(Records from a data collection)
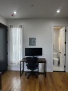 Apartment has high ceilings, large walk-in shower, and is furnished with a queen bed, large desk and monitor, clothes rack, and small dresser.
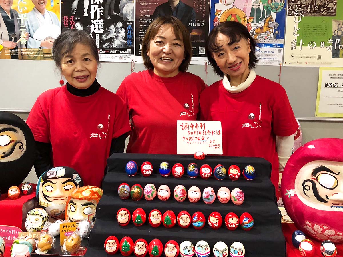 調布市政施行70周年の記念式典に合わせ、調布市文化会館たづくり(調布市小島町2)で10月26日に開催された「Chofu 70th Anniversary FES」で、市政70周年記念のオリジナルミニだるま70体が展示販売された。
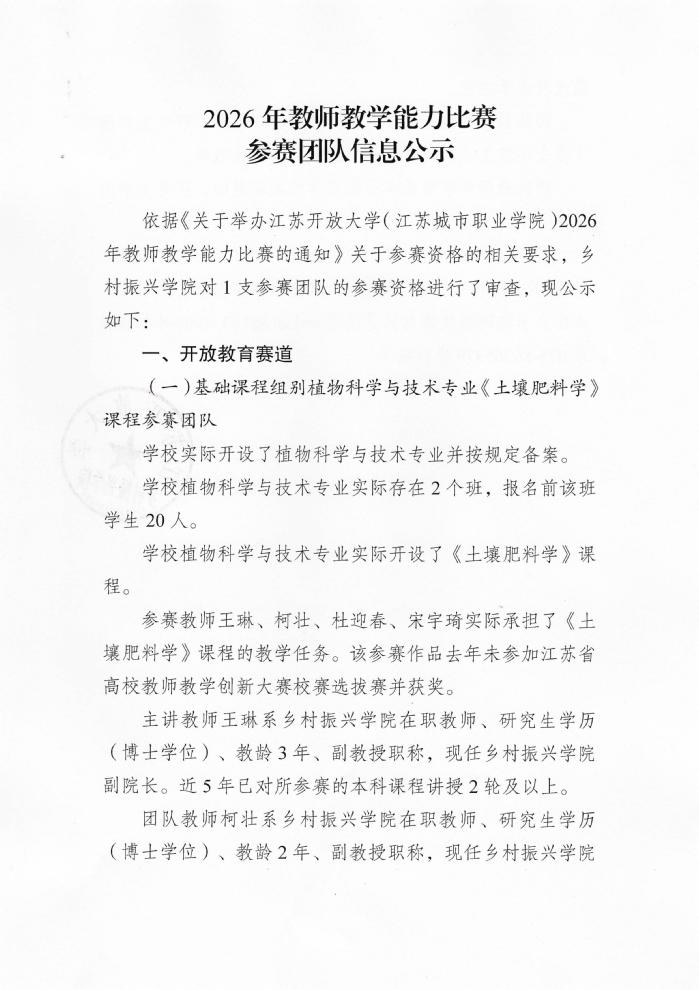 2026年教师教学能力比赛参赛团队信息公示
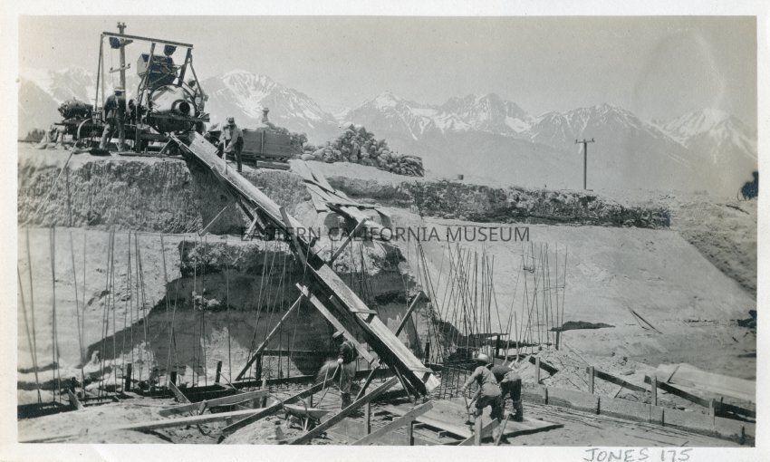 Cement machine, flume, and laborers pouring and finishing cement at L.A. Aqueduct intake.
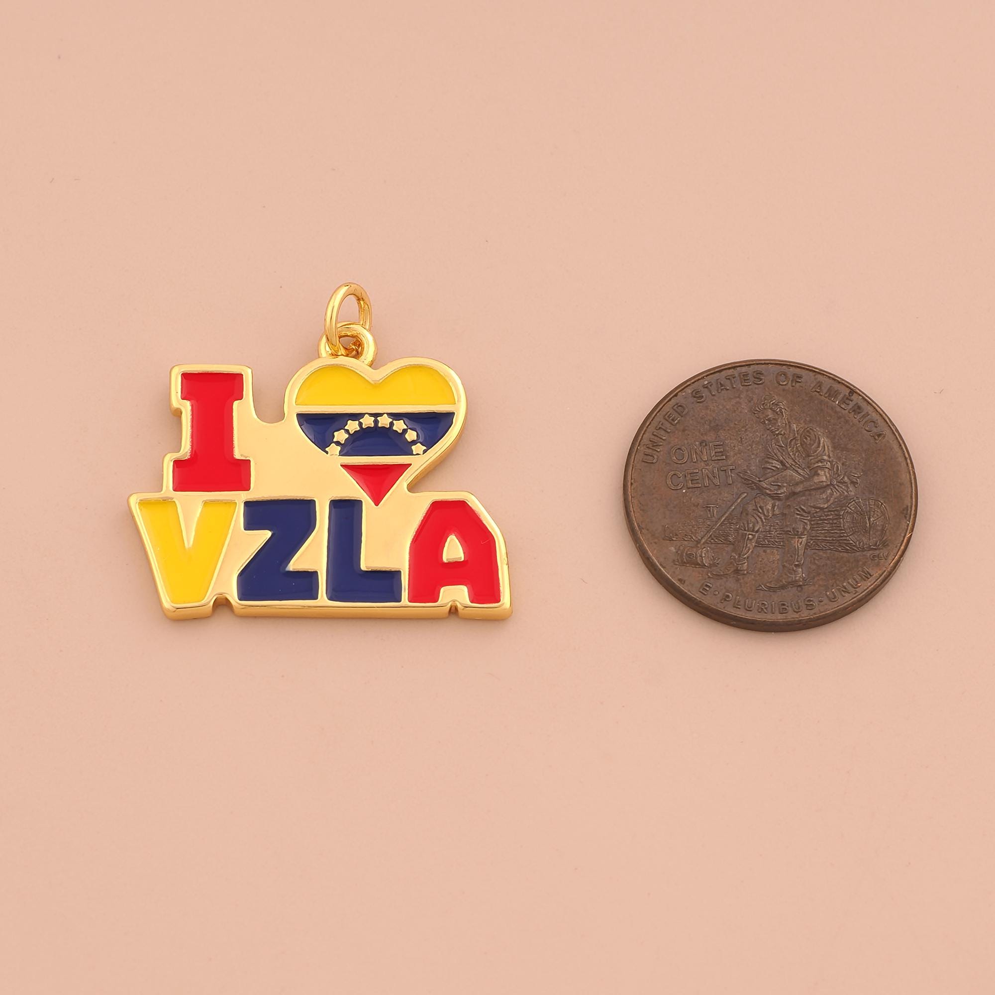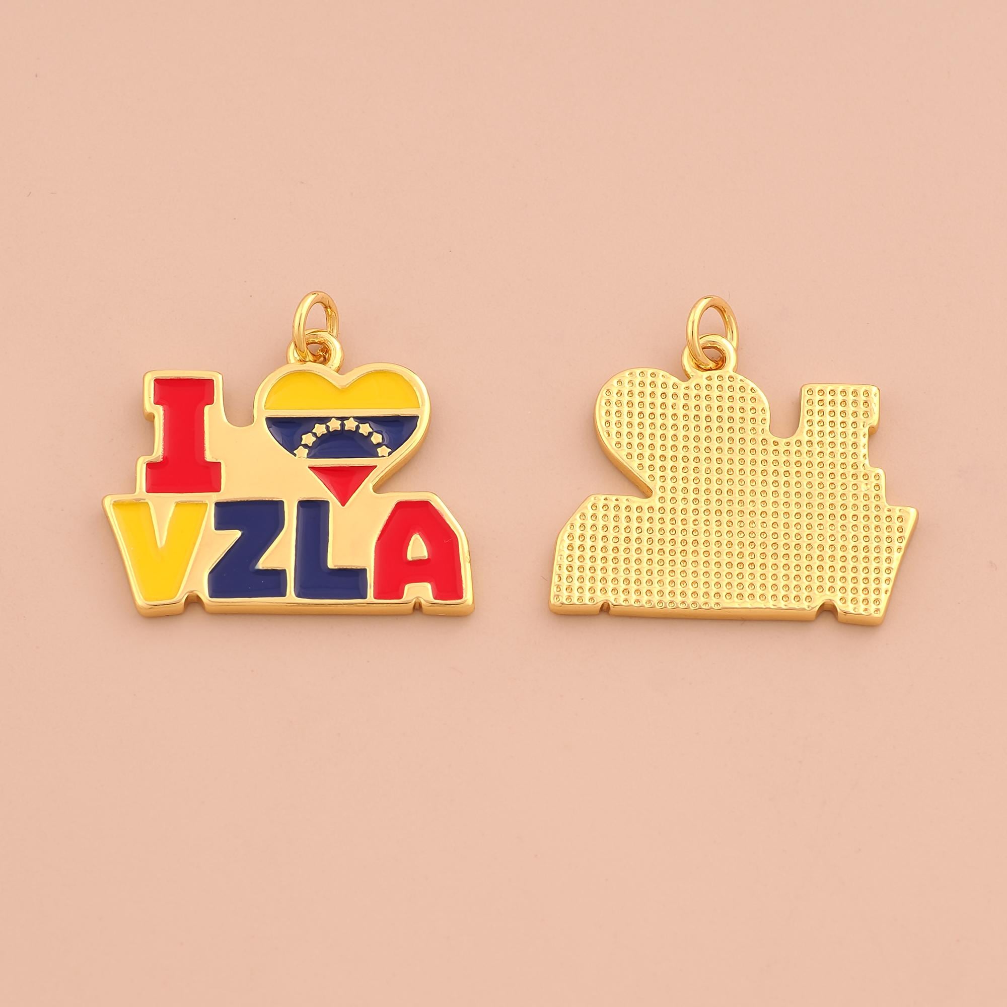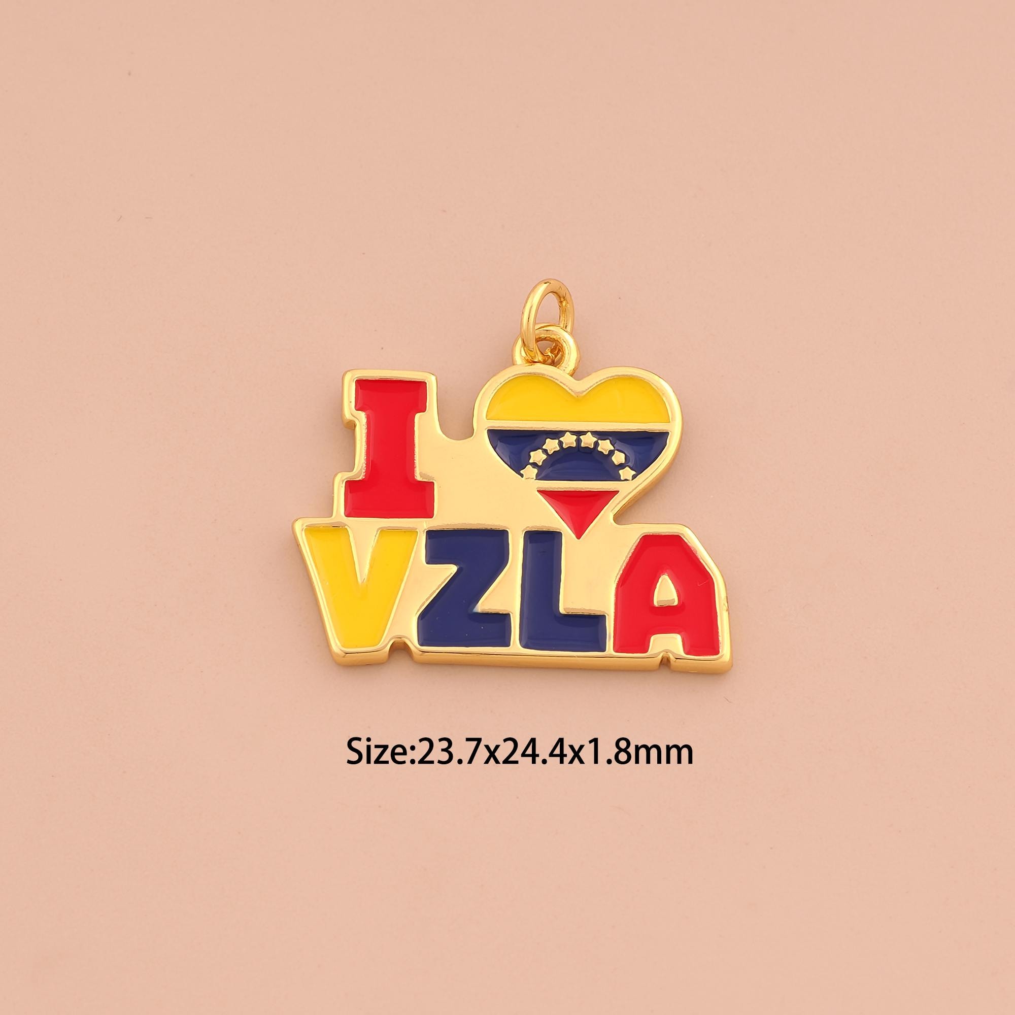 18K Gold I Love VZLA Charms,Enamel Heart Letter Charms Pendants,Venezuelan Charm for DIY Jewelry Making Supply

→ YOUR TASK
Every line from the one containing "2026年教师教学能力比赛参赛团队信息公示" through the last line of the data, both included, is to be repeated exactly; the pictures are to be left out.

→ WORKED SOLUTION
 2026年教师教学能力比赛参赛团队信息公示
 Cement machine, flume, and laborers pouring and finishing cement at L.A. Aqueduct intake.
 18K Gold I Love VZLA Charms,Enamel Heart Letter Charms Pendants,Venezuelan Charm for DIY Jewelry Making Supply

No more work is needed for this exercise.